To package one or more preserved evaluation or benchmark runs for issue triage or release review, generate a checkout-safe evidence bundle:

uv run worldforge eval --suite planning --provider mock --run-workspace .worldforge
uv run worldforge benchmark --preset mock-smoke --run-workspace .worldforge
uv run worldforge runs bundle <run-id>
uv run python scripts/generate_evidence_bundle.py --workspace-dir .worldforge

The bundle defaults to .worldforge/evidence-bundles/<timestamp>/ and writes evidence_manifest.json plus summary.md. The manifest records copied reports, run manifests, event logs, preset input and budget files, fixture digests, SHA-256 file digests, and safe_to_attach flags. Unsupported binary artifacts, host-local absolute paths, signed URLs, and secret-like text are excluded or marked local-only by default.
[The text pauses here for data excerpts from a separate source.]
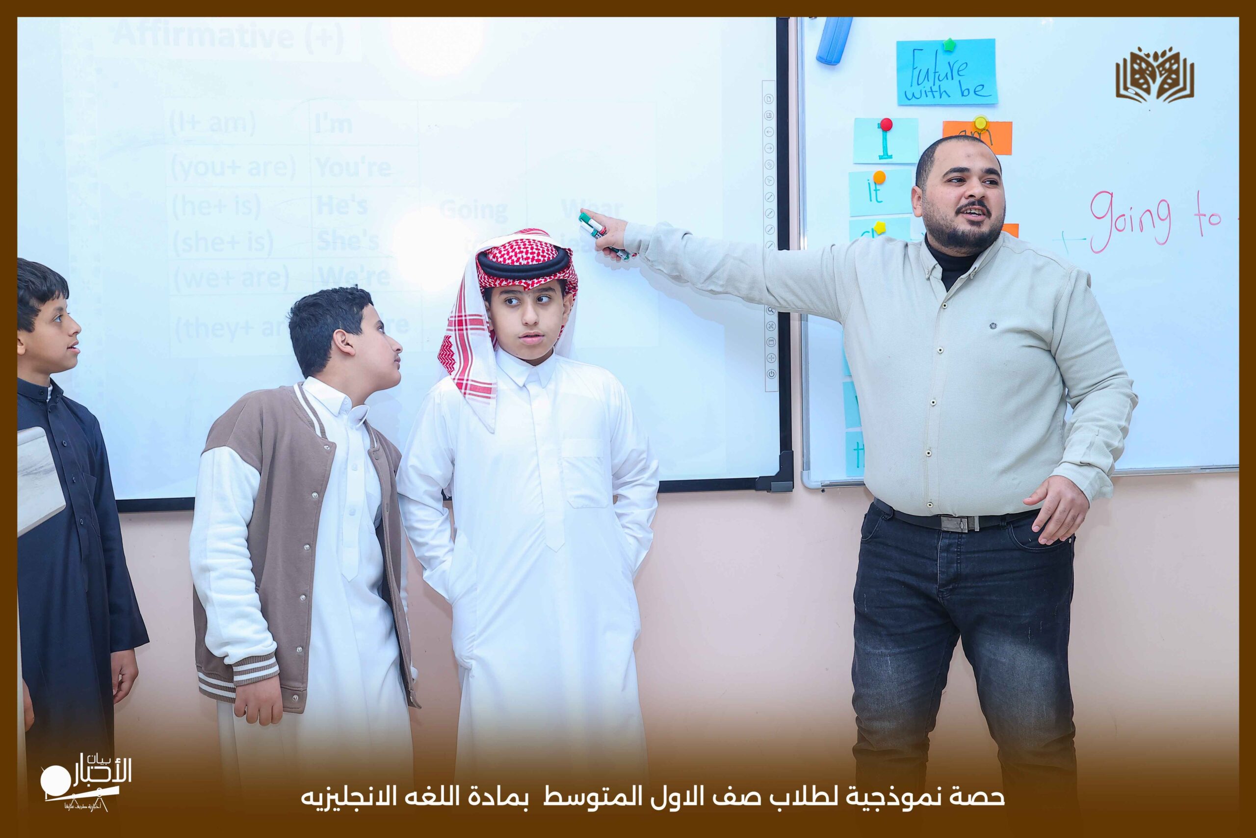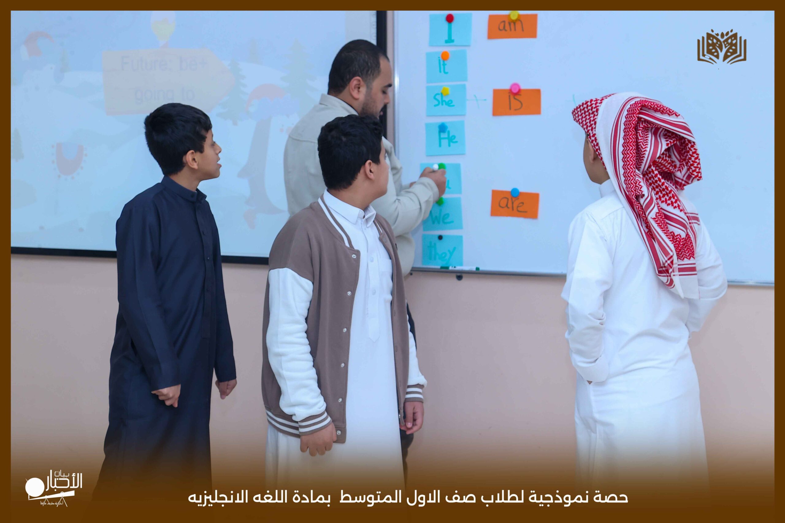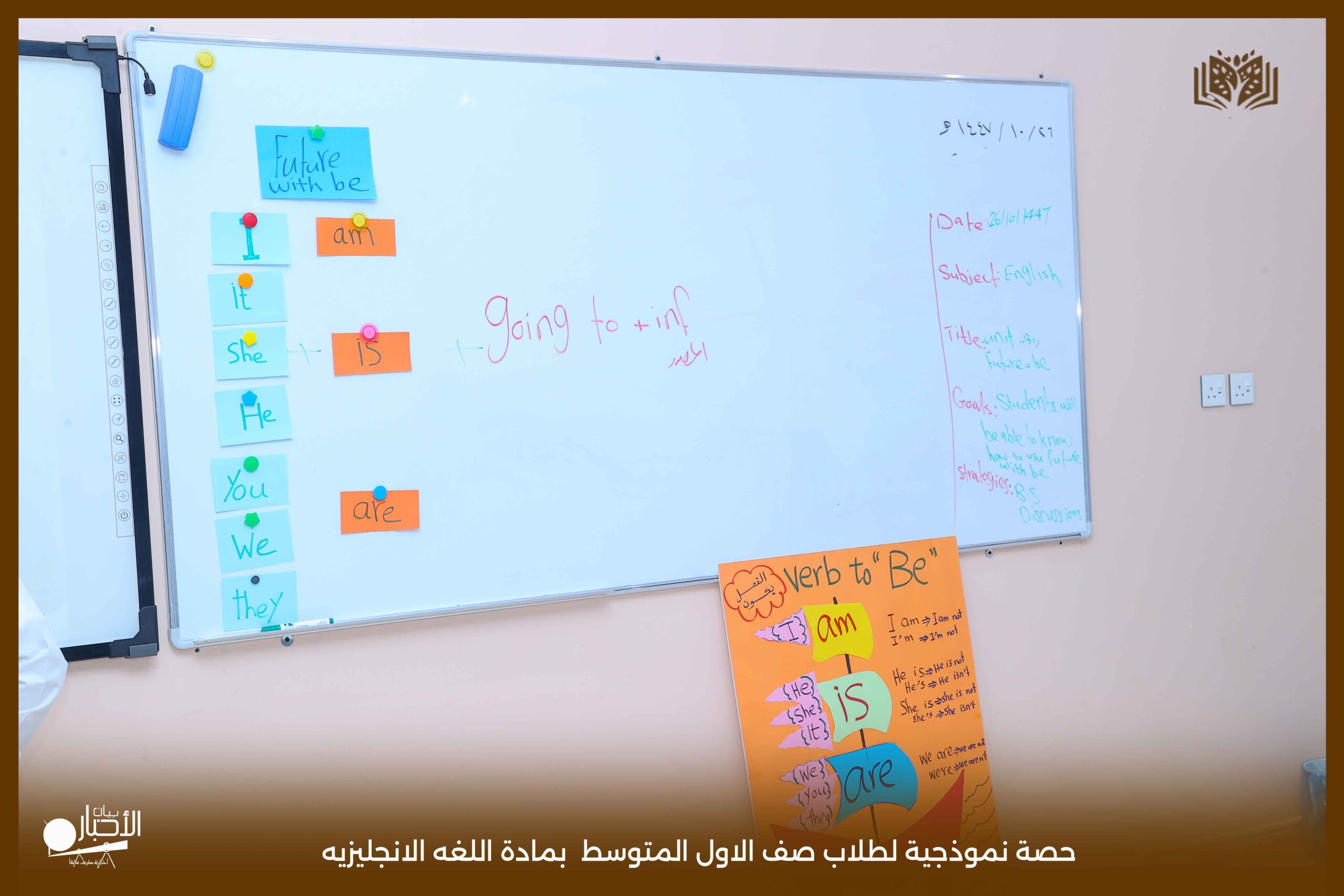 نفذت اليوم الثلاثاء الموافق ٢٦ / ١٠ / ١٤٤٧هـ حصة نموذجية في مادة اللغة الإنجليزية لطلاب الصف الأول المتوسط بمدارس الوعد النموذجية (القسم المتوسط والثانوي)، بعنوان (Grammar: The Future with “Be”).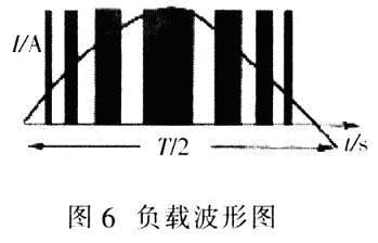 (6)如果將方波電壓按照正弦波的規(guī)律調(diào)制成一系列脈沖,即使脈沖系列的占空比按正弦規(guī)律排列,當(dāng)正弦值為最大時(shí),脈沖的寬度也最大;反之,當(dāng)正弦值為最小時(shí).脈沖的寬度也最小,把脈沖的寬度調(diào)制的越細(xì).即一個(gè)周期內(nèi)脈沖的個(gè)數(shù)越多,調(diào)制后輸出的波形越好,電動(dòng)機(jī)負(fù)載的電流波形越接近于正弦波,圖6為負(fù)載波形。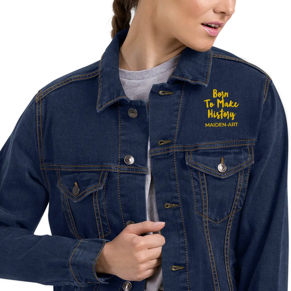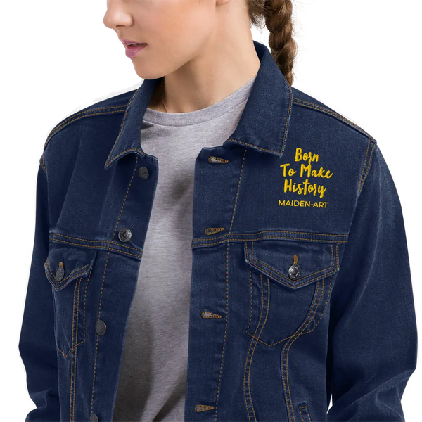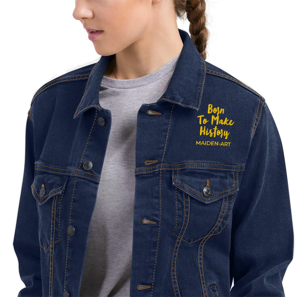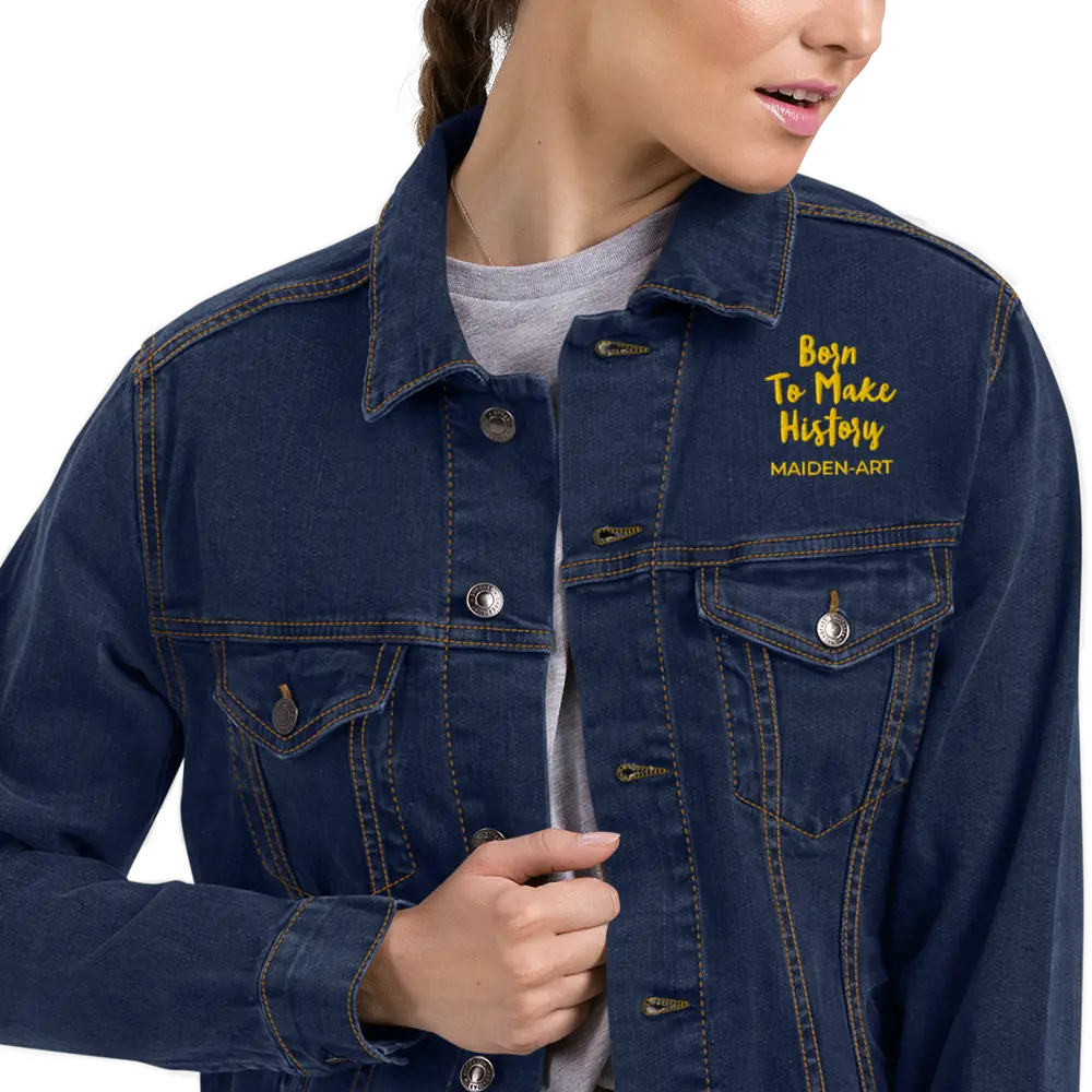 Embroidered denim jacket The Rebel Girl in Me will Never Die Unisex denim jacket - Gold Embroidery Maiden-Art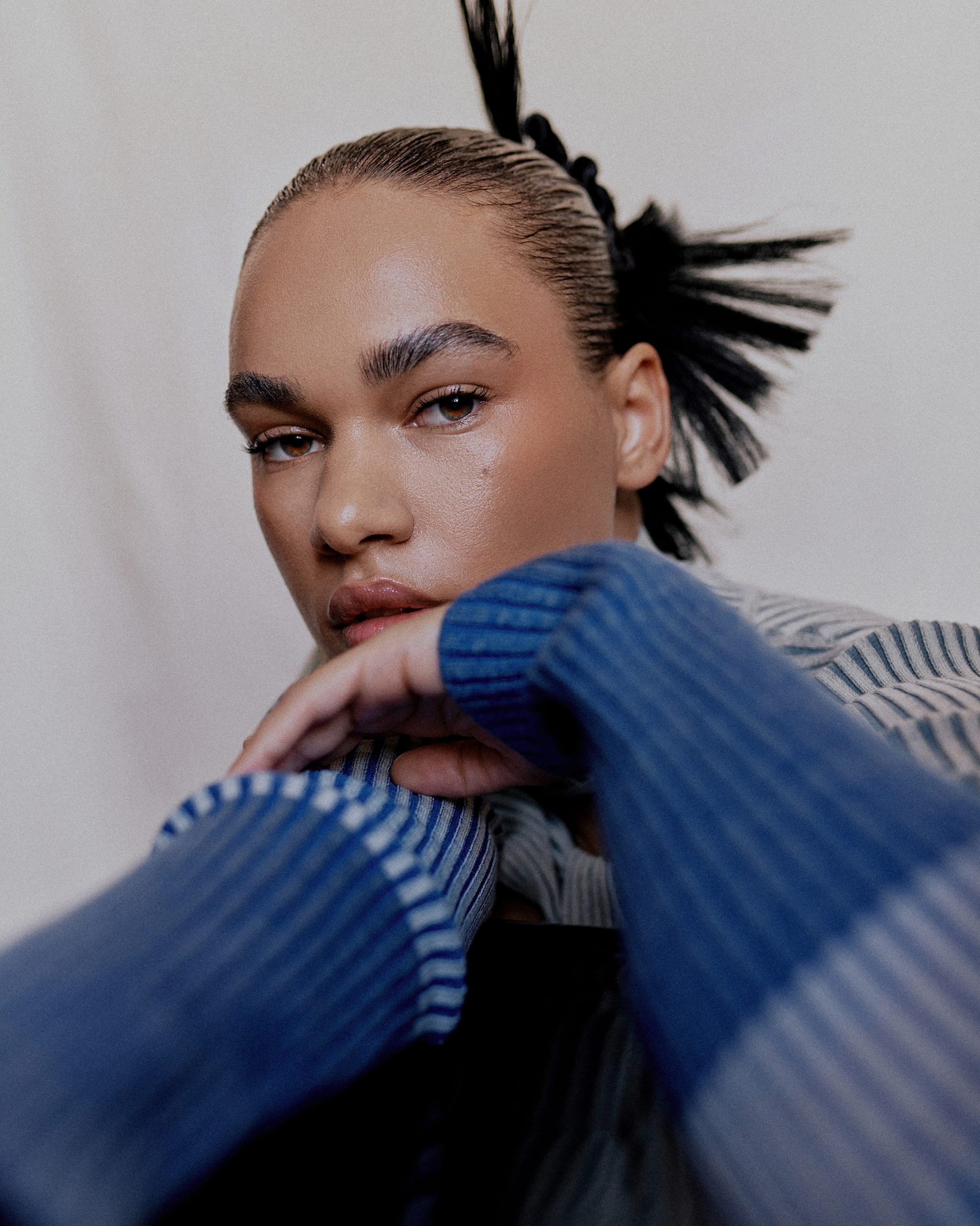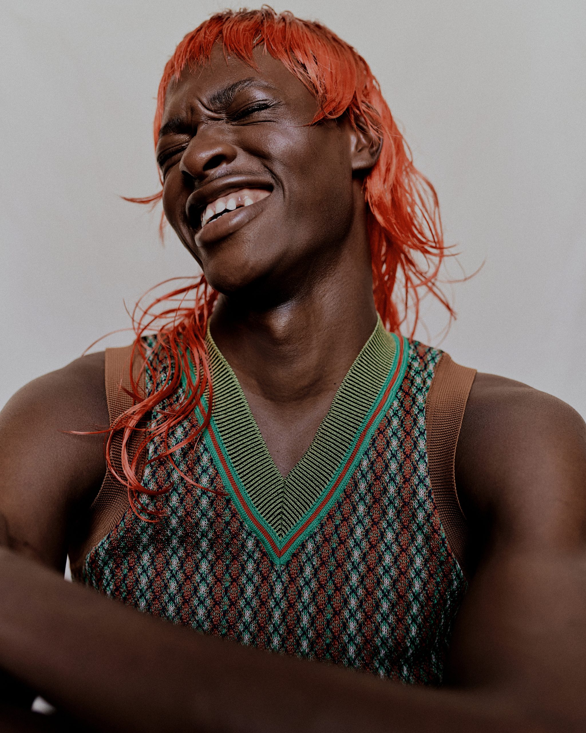 uKhanyo wears top Helmut Lang at Net-a-Porter. Blazer, Fear of God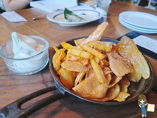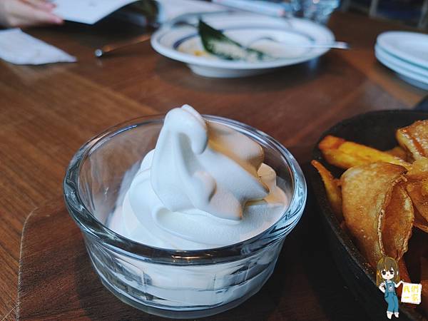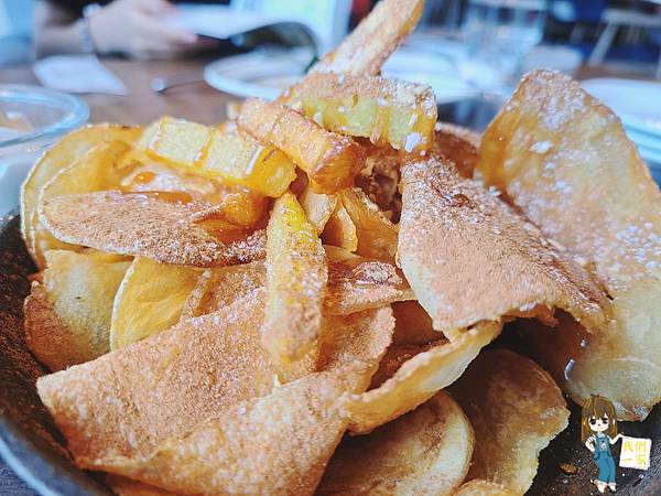 北海道霜淇淋鹽味焦糖洋芋片是一道集視覺與味覺享受於一身的甜點。甜鹹適中的鹽味焦糖淋醬淋在剛炸好的洋芋片+薯條,這種多層次的口感和風味讓人每一口都能體驗到不同的驚喜與滿足。旁邊再搭配柔滑的北海道霜淇淋,可以個別單吃,也可以洋竽片沾點牛奶霜淇淋,味道更是香濃絕倫,是一款甜鹹都有的甜點。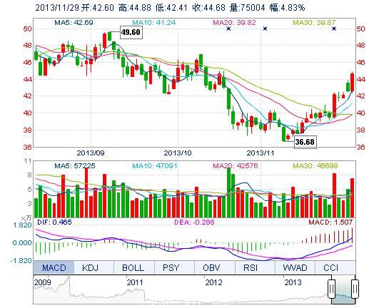 今開: 42.60 成交量: 7.50萬(wan) 手 振幅: 5.80% 最高: 44.88 成交額: 3.31億(yi) 元 換手率: 2.61% 最低: 42.41 總市值: 132.99億(yi) 市淨率: 8.76 昨收: 42.62 流通市值...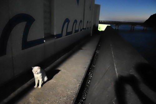 浜に下りる手前の段差に腰掛けてM吉とお話してると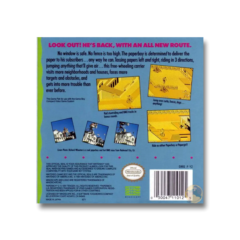 Rise and shine, bud! A great day's ahead, just waiting for you to become the neighborhood's terror of a paperboy. but it's a whole new job with double the fun and twice the excitement! That's right, you've now got houses on both sides of the street - which means even more customers' homes to deliver papers to and non subscribers' homes to damage. It also means you've got to watch out for lots more obstacles and meanies that are out to knock you off your bike! Wreak mischief across the town or do good deeds like saving the baby and stopping the burglar. At the end of the day, hone your skills on the all-new BMX-style test course. Add the new awesome graphics, and you're in for a rip roaring time on your bike!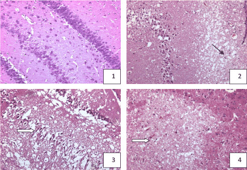 Figure 1. hippocampus and cortex pathologic change in the rat with acute multi-cerebral infarction (HE Staining × 100)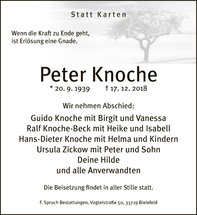 Hier finden Sie alle Traueranzeigen aus der Zeitung, die bisher für Peter Knoche erschienen sind. Weitere Traueranzeigen, die in der Zeitung erscheinen, werden hier ebenfalls aufgelistet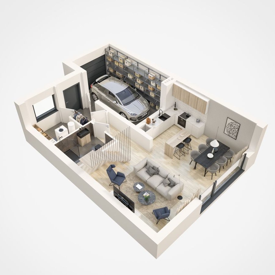 • Garaż z przejściem do wnętrza domu + miejsce postojowe zewnętrzne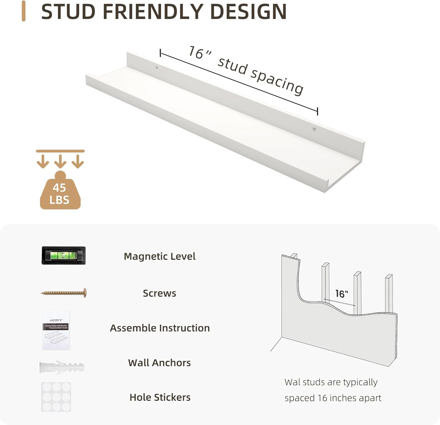 • 【Superior Quality】 Crafted from high-quality wood, each floating shelf is designed for long-lasting durability. The pre-drilled mounting holes are spaced 16 inches apart, ensuring a secure installation into wall studs.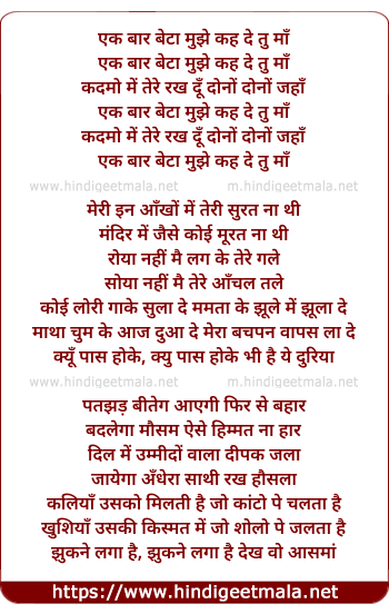 Lyrics of Ek Baar Beta Mujhe - एक बार बेटा मुझे
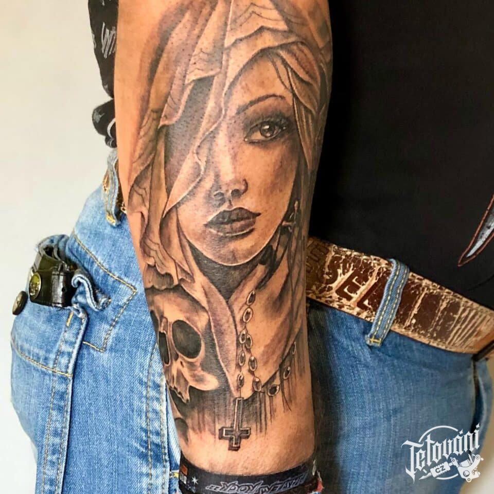 Tetování žena s lebkou na předloktí

Use worldforge runs bundle <run-id> for a smaller issue-ready export of one run. It writes issue.md beside the digest manifest and summary, and the printed issue template includes the command, expected signal, observed failure, safe-to-attach notes, and first triage step.

Report formats

  • Markdown: provenance section, provider summary table, scenario-level detail table
  • JSON: suite_id, suite, claim_boundary, metric_semantics, provider_summaries, scenario results, a provenance envelope, and failure_gallery when failed scenarios exist
  • CSV: one row per provider/scenario pair with serialized metrics payloads (envelope omitted to keep the table import-compatible with prior releases)
  • Failure gallery JSON/Markdown: representative failed cases with fixture ids, expected contract notes, sanitized metrics previews, and first triage steps

Every JSON and Markdown report carries an explicit claim boundary. Built-in suites are deterministic adapter contract checks; their scores are not physical-fidelity, media-quality, safety, or real robot performance claims. Failure galleries follow the same boundary: they are for issue triage and provider-review debugging, not provider quality ranking.

Provenance envelope

Reports built through EvaluationSuite.run_report() and the worldforge eval CLI carry a provenance envelope (schema_version: 2) so claims, regressions, and release evidence can be audited without console logs:

Field Description
schema_version Envelope schema version (currently 2).
kind "evaluation".
suite_id, suite_version Suite identifier and contract version (e.g. evaluation:1).
worldforge_version Package version that produced the report.
created_at UTC ISO timestamp.
command The command argv vector when produced through the CLI.
providers, capabilities Providers exercised and capabilities they covered.
runtime_manifests Provider runtime manifest references when available.
dataset_manifests Compact references to dataset manifests cited by the report.
input_digest, result_digest Deterministic sha256:<hex> digests of inputs and results.
event_count Emitted ProviderEvent count.
claim_boundary, metric_semantics Mirrors the report-level claim text.
notes Optional free-form note.

To cite a result in an issue or release evidence, paste the provenance block from the JSON report (or the bullet list from Markdown). It carries every field a reviewer needs to map the claim back to the WorldForge version, suite contract, and input fixture.

Migration

Previous reports omitted provenance. The CSV renderer and the existing suite_id, suite, claim_boundary, metric_semantics, provider_summaries, and results keys are unchanged. Tools that consume the JSON output should treat provenance as optional and fall back to the existing fields when re-rendering historical reports.

Capability checks

Each suite declares the provider capabilities it needs. For example:

  • physics requires predict
  • planning requires score

WorldForge raises WorldForgeError when a caller asks a provider to run a suite it cannot satisfy.